André BRETON
Lettre autographe signée inédite adressée au critique Charles Estienne : "Allons, ce n'est pas encore cette fois que dans la révolte je parviendrai à introduire la "mesure" que nous prêche aimablement M. Camus."
Paris 8 janvier 1953, 21x27cm, 1 pages et quelques lignes sur un feuillet.
Unpublished, handwritten, signed letter addressed to critic Charles EstienneParis 8 January 1953 | 21 x 27 cm | 1 page and a few lines on one leaf
Unpublished, handwritten, signed letter from André Breton addressed to critic Charles Estienne; one page and a few lines in black ink on a paper from the à l'étoile scellée gallery.Two transverse folds from having been sent, a small corner missing in the upper right margin.

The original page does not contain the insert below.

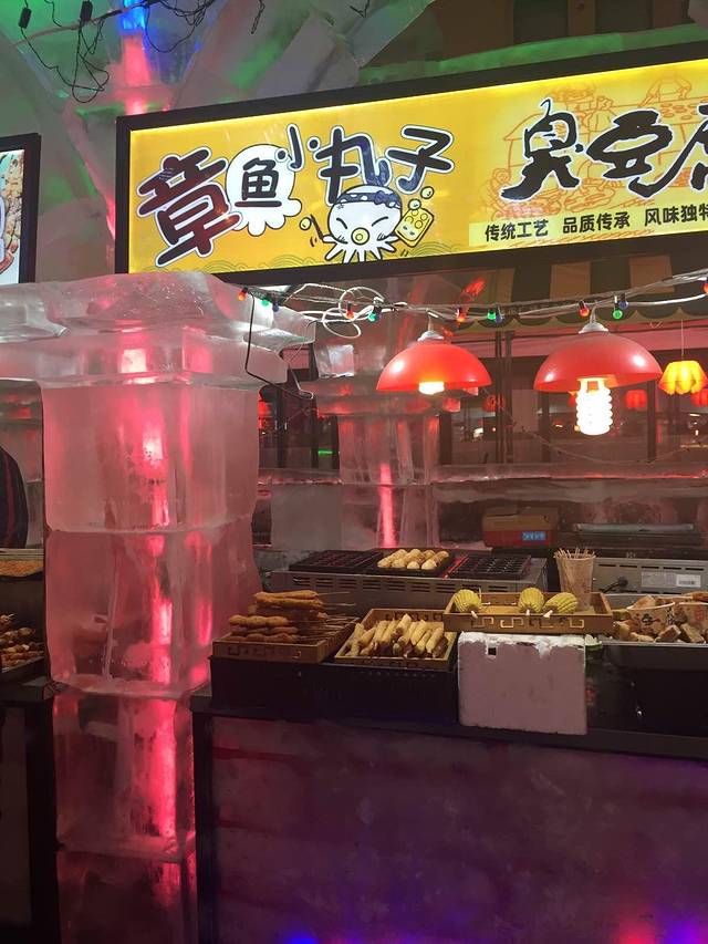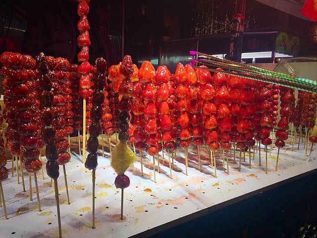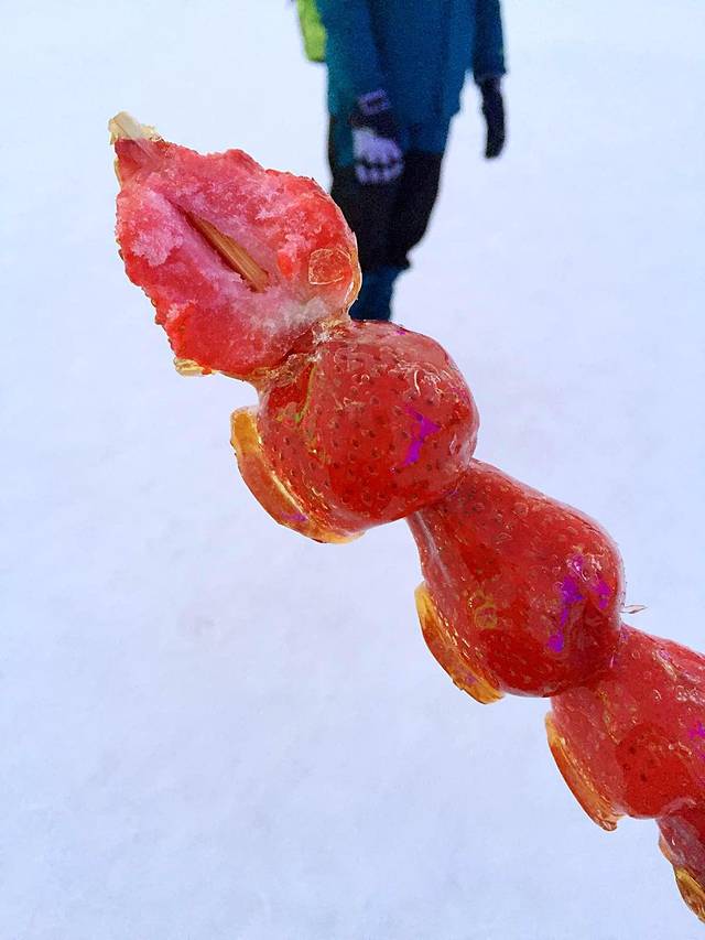 在零下十来度的冰雪大世界吃一直吹着的冰糖水果,心里全硬了,比较难咬,也失去了水果的多汁和鲜美,还是现烤的大串好吃。

Very beautiful letter giving an account of the death of one of André Breton's dearest friends and of his quarrel with Albert Camus.
Breton tells his friend about the death of the Surrealist Czech artist Jindřich Heisler: “Your letter spoke of those days where it seemed “that there was only just enough fire to live”: on Monday there was far from enough fire, when it reached me: one of my two or three best friends, Heisler, taken suddenly unwell on his way to mine on Saturday, had to be hospitalised urgently and I had just received the pneumatic from Bichat telling me of his death. The event, no less inconceivable than accomplished, left me distraught for a long time: there was no-one more exquisite than he, putting more warmth into everything he did, the most constant of which was to lighten and embellish those whom he loved.” The two poets were indeed very close: Heisler participated, alongside Breton, in the launch of Néon in 1948 and supported him during a period of depression, accompanying him with other friends to the Île de Sein. “The beginning of 1953 was overshadowed by the death of Jindřich Heisler (4 January). Loyal among the faithful, he “lived entirely for Surrealism” according to Breton, who pays tribute to his activity as a leader: “This is how he was between 1948 and 1950, the soul of
Néon, and until his last moments the greatest bearer of projects that, as if by magic, his talent gave him the means to achieve.”” (Henri Béhar,
André Breton)
In this letter, laden with pain, Breton suddenly makes reference to
L'Homme révolté by Albert Camus, published two years earlier: “Come on, it is not yet the time in the rebellion that I will succeed in introducing the “measure” that M. Camus kindly preaches to us.” The two writers met in New York at the end of March 1946 when Camus was invited to the United States for a conference tour as a representative of
Combat. “The two agree on the best way to preserve the testimony of certain men free from ideological distortions. They dream of a kind of pact by which people of their calibre would commit to not join any political party, to fight against the death penalty, to never claim any credit whatsoever.” (ibid.) With other intellectuals, they founded the Rassemblement démocratique révolutionnaire (RDR) in 1948; but the idyll ended a couple of years later, in the autumn of 1951, when Camus published “Lautréamont et la banalité”, an extract from his
Homme révolté, which was published later. Breton was extremely hurt and responded to him in an article entitled “Sucre jaune” (in
Arts):
“This article [...] testifies to the part [of Camus], for the first time, for an indefensible moral and intellectual position. (...) He only wants to see a “guilty” adolescent in Lautréamont, whom he - in his capacity as an adult - must discipline. He goes as far as to find him in the second part of his work: Poésies, a deserved punishment. According to Camus, Poésies would be but a mass of “laborious banalities” (...) It could still be worse if the destitution of these views did not intend to promote the most suspect thesis in the world, which is that “absolute revolt” can generate only the “taste for intellectual enslavement”. This is a completely gratuitous, ultra-defeatist statement, which must incur even more contempt than its false demonstration.” Thus, two years later, Breton still holds out against Camus' crime of lese-majesty towards that which Breton constructed as the father of surrealism, but even more, this allusion to Camus' pacifist philosophy, bearing witness to the incompatibility between a thought of moderation and a poetry of revolution.
Exceptional melancholic letter on the disappearance of beings and the surrealist spirit in this post-war world, but written on the letterhead of André Breton's new gallery,
L'étoile scellée, which will succeed in reviving the surrealist phoenix.